I love how they describe it as women waging war for power.
I get this, if you read history from this time you get the impression that women just did not exist, beyond giving birth and who married each of the men. Women appear to be placeholders for real people (aka men) and had no ability to act, pawns in a much larger scheme. There is no doubt these women wielded a lot of soft power. They could whisper into the ears of the men who held the power, they could suggest, hint, and as women I knew used to say: kiss her king across the chess board. The problem with soft power is that it requires the men do as she wants. As we see in ‘the white princess’ the rise and fall of the Queen mothers soft power over those with real power, in this case the king. In the end the king not only has thrown her out of ‘her’ rooms, but out of his life, when he literally throws her out. The King’s wife, aka the Queen (Lizzy), taking all the power his mother once had and then holding all that power herself.
Lizzie does not realize how powerless she is, unlike her mother who does realize, when Lizzy visits her mother. Her mother is surprised by her daughter’s visit and when Lizzie returns ‘home’ is met by the king who tells her she wouldn’t have been able to go visit her mother if he didn’t allow it.

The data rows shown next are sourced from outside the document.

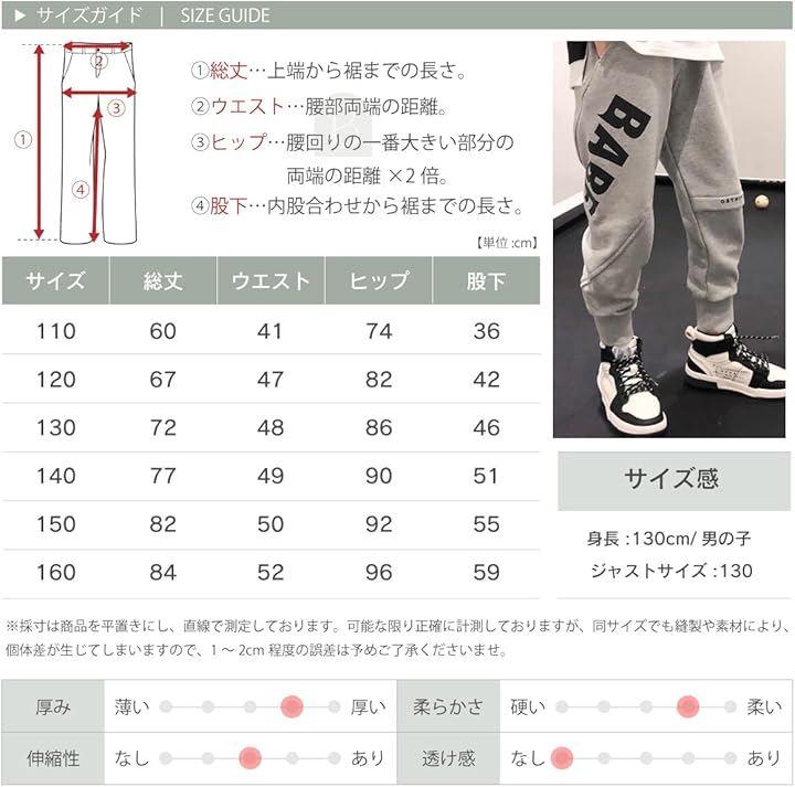 サイズ:パンツ丈/ウエスト/ヒップ/股下 「100」 58/39/70/32 「110」 60/41/74/36 「120」 67/47/82/42 「130」 72/48/86/46 「140」 77/49/90/51 「150」 82/50/92/55 「160」 84/52/96/59
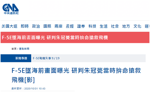 | 台军失事F-5E战机最后身影曝光,台媒:飞行员试图控制战机、飞很低 | |||
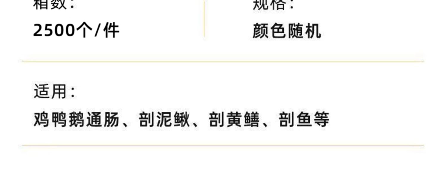 📦 | Random color | Chicken and duck intestine cleaner-2500 pieces/piece | 2шт: ¥0.22, 100шт: ¥0.21, 2500шт: ¥0.20 | 99978019 | 5854964856381 |
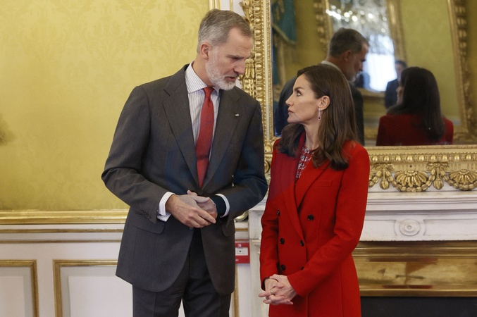Król Felipe Filip VI i hiszpańska królowa Letycja biorą udział w dorocznym posiedzeniu rady dyrektorów Instytutu Cervantesa w Pałacu Królewskim w Madrycie
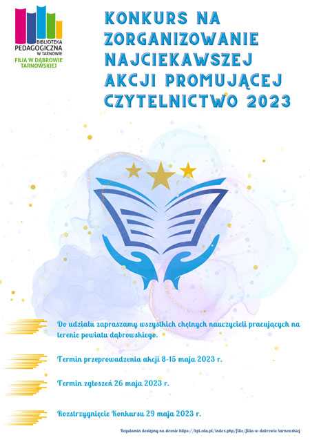 Biblioteka Pedagogiczna w Tarnowie Filia w Dąbrowie Tarnowskiej zaprasza nauczycieli wszystkich etapów nauczania, pracujących na terenie powiatu dąbrowskiego do wzięcia udziału w Konkursie na zorganizowanie najciekawszej akcji promującej czytelnictwo 2023.
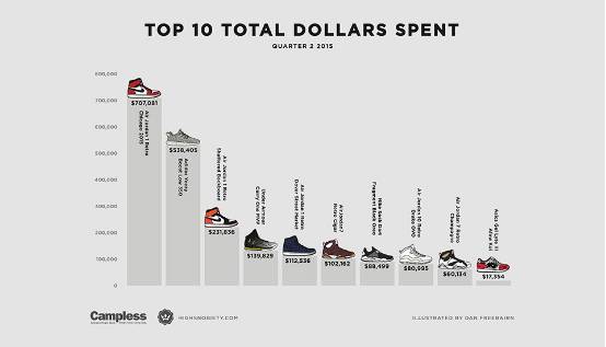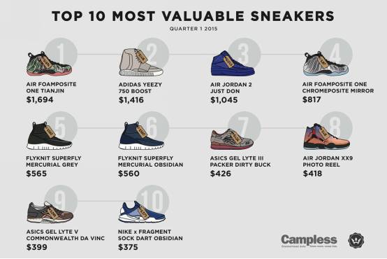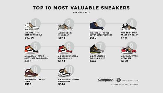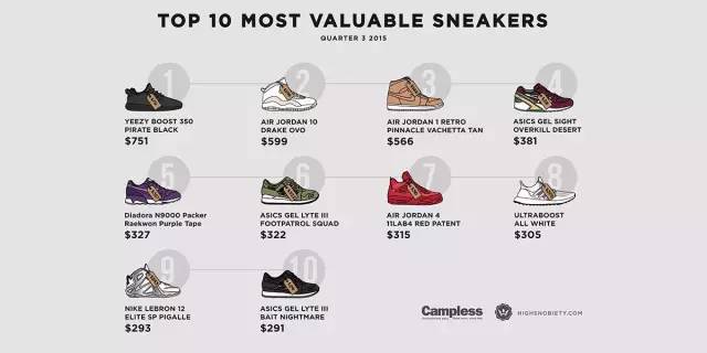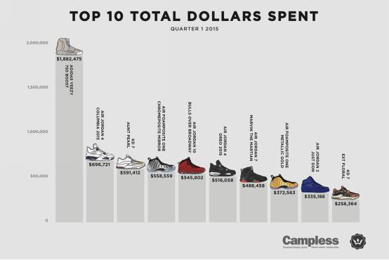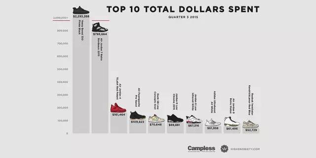 上三张图分别是2015年第1、2、3季度最值钱10双球鞋排名。耐克依然占据着半壁江山,但我们能够看到,韦斯特的Yeezy系列已经让阿迪加快了追赶的脚步。(数据来源:球鞋数据网站Campless)
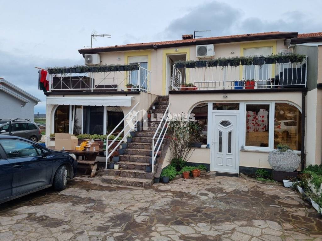 A house with three residential units in the vicinity of Umag is for sale. The area of the apartment on the ground floor is 85 m2 and consists of an entrance hall, a large living room, a kitchen, 3 bedrooms and 2 bathrooms. Last year, a partial renovation was carried out, where direct current (12V) underfloor heating was installed, new tiles were installed and the bathroom was renovated.
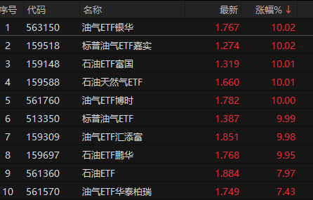 从3月3日ETF表现来看,油气主题ETF继续领涨,截至收盘,银华油气ETF、嘉实标普油气ETF等批量涨停。
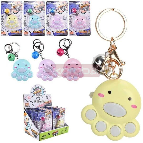 "Elektroniczna gra - brelok Memory to gwarancja rewelacyjnej zabawy, która równocześnie ćwiczy pamięć i koordynację ruchową. Zabawka odtwarza sekwencje świetlne, które należy powtórzyć. Doatkowo do breloka doczepiony jest dzwoneczek."

But there were women who held their own power, for instance in the Duchess of Normandy and Isabella I of Castile as portrayed in 'the white princess'. These women appeared to have governed in their own right in this version of history (whether they did in historical reality is another thing entirely).
And while I love that they are presenting us with a tragedy, the true tragedy is based on a modern perspective, that the King’s mother, indirectly, killed ‘the children’. This is only true from a modern perspective. No one at the time would’ve considered a person's age in anyway important.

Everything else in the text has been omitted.